Frank Rich is right on target with his New York Times column today, Bonfire of the Vanities:

"We shouldn't congratulate ourselves quite so fast. The Lott story didn't break this month -- it broke four years ago. Where was the press then? Where were the Democrats? "

He's right. Trent Lott took the fall but there are a host of other, even more powerful Republicans, that have "racial lapses" of their own....Ashcroft and Bush, to name a few.

"There are still too many Republican politicians who believe they can pander to whatever racist voters are out there without being called on it. When they are, they cringe — not so much because they care about losing their few black votes but because they care about losing soccer moms who are offended by race- baiting. "Elections are settled in the suburbs nowadays, 43 percent of the vote," said George Will in condemning Mr. Lott. It's that political reality, not any moral imperative, that mandated the majority leader's death sentence."

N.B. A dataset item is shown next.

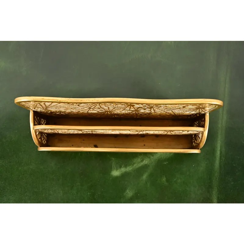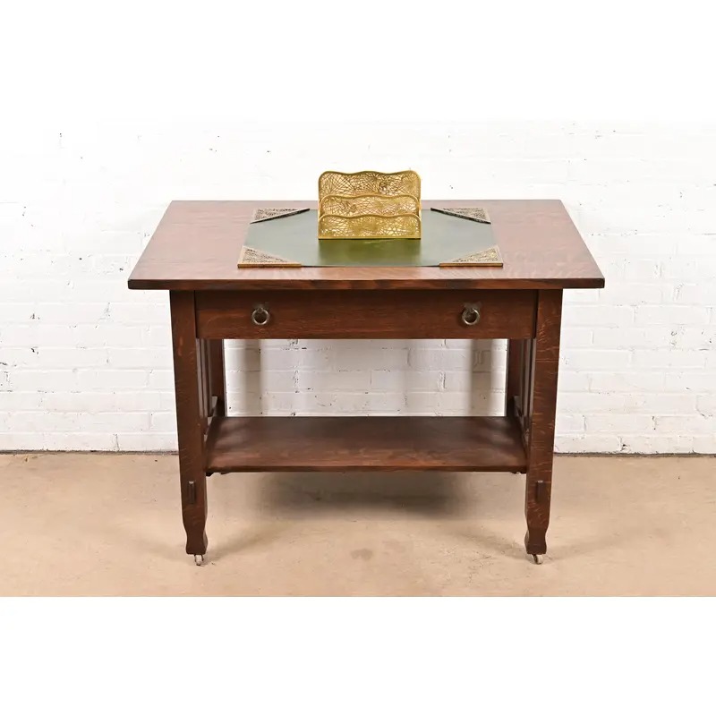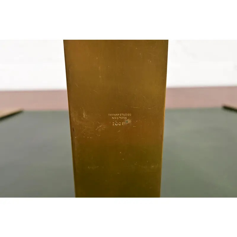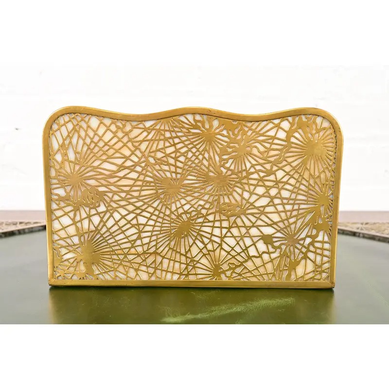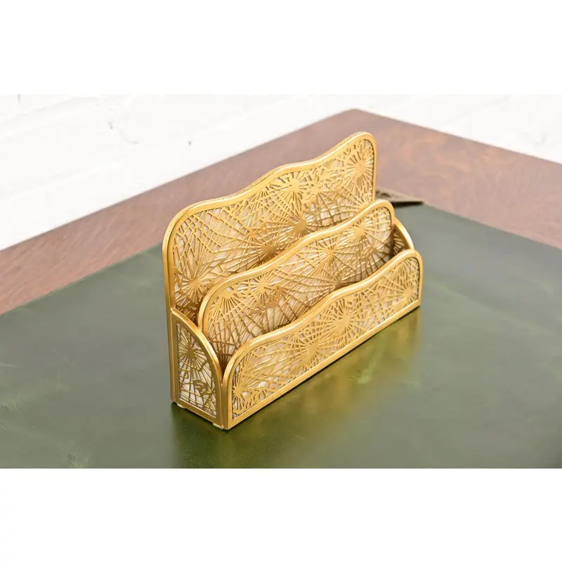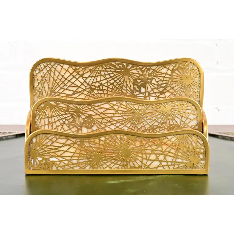 A gorgeous antique Arts & Crafts or Art Deco period gilt bronze and Favrile slag glass “Pine Needle” pattern desk letter holder rack
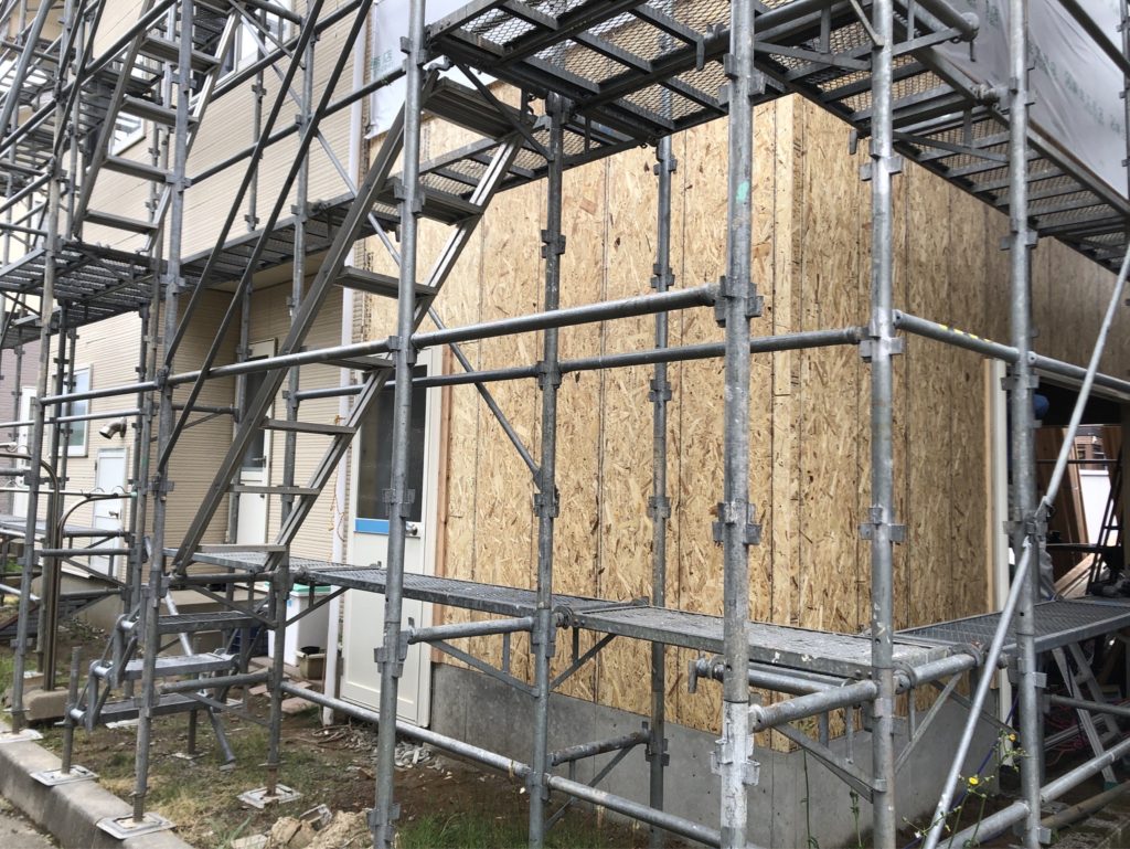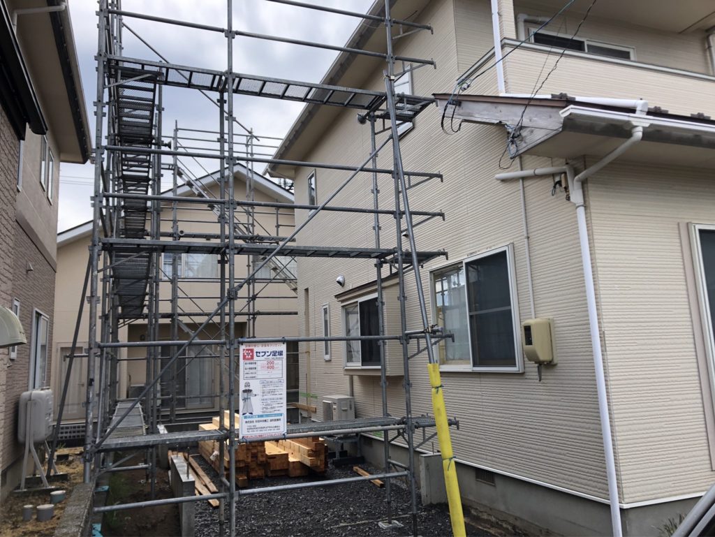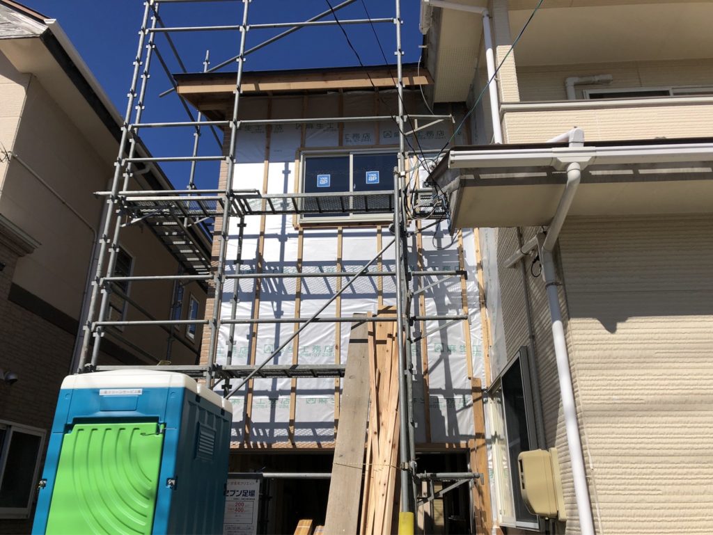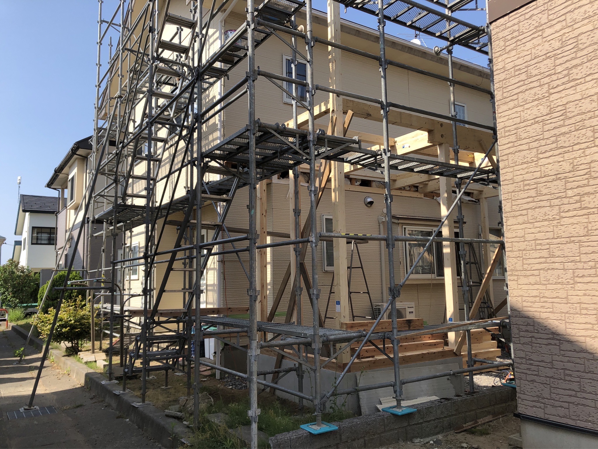 以上、S様邸増築工事の様子でした。なお、足場ネットは終業時に施工状況を撮影する為に一旦取り外し、外観撮影後に再度取り付けております。麻生工務店では転落事故防止用の足場ネットを取り付けずに高所工事は行いませんのでご安心下さい。

"President Bush is no bigot, and as he likes to remind us, some of his best employees are Colin Powell and Condoleezza Rice. He is in favor of something called "affirmative access" — which has led to a grand total of zero black Republican Congressmen in the next Congress. "Compassionate conservatism" seems less a program than a p.r. strategy to provide cover for the likes of a Lott or an Ashcroft."

"Asked this week what the administration has done for black Americans, Ari Fleischer used the kind of examples we heard from Mr. Lott. He said that "the president looks forward to going to Africa" (how patronizing can you be?) and wants "to double funding for historically black colleges and universities" (weren't the Republicans for color-blind policies rather than a politically correct form of de facto segregation?). Mr. Fleischer also said that the president sees education as "the next civil rights movement." If so, Mr. Bush is not that movement's courageous leader; in his education bill, he dumped the tiny school voucher provision that Republican polls say many black families want."

"Black voters are not fooled by such empty theatrics. For all the "diversity" at his convention and his rhetorical "compassion," Mr. Bush drew a third less of the black vote than his father and Bob Dole did. The White House's main concern now is that white voters be fooled. So Republicans are trying to create a moral equivalence between Democratic racial lapses and their own, hoping that Robert Byrd's long-renounced K.K.K. past and use of the word "nigger" will somehow blur their own recent record. Bill Frist is the ideal new Senate majority leader, because his own genuinely good works in Africa and "compassionate conservative" geniality will camouflage a voting pattern that, on any issue touching black Americans, is virtually the same as Mr. Lott's."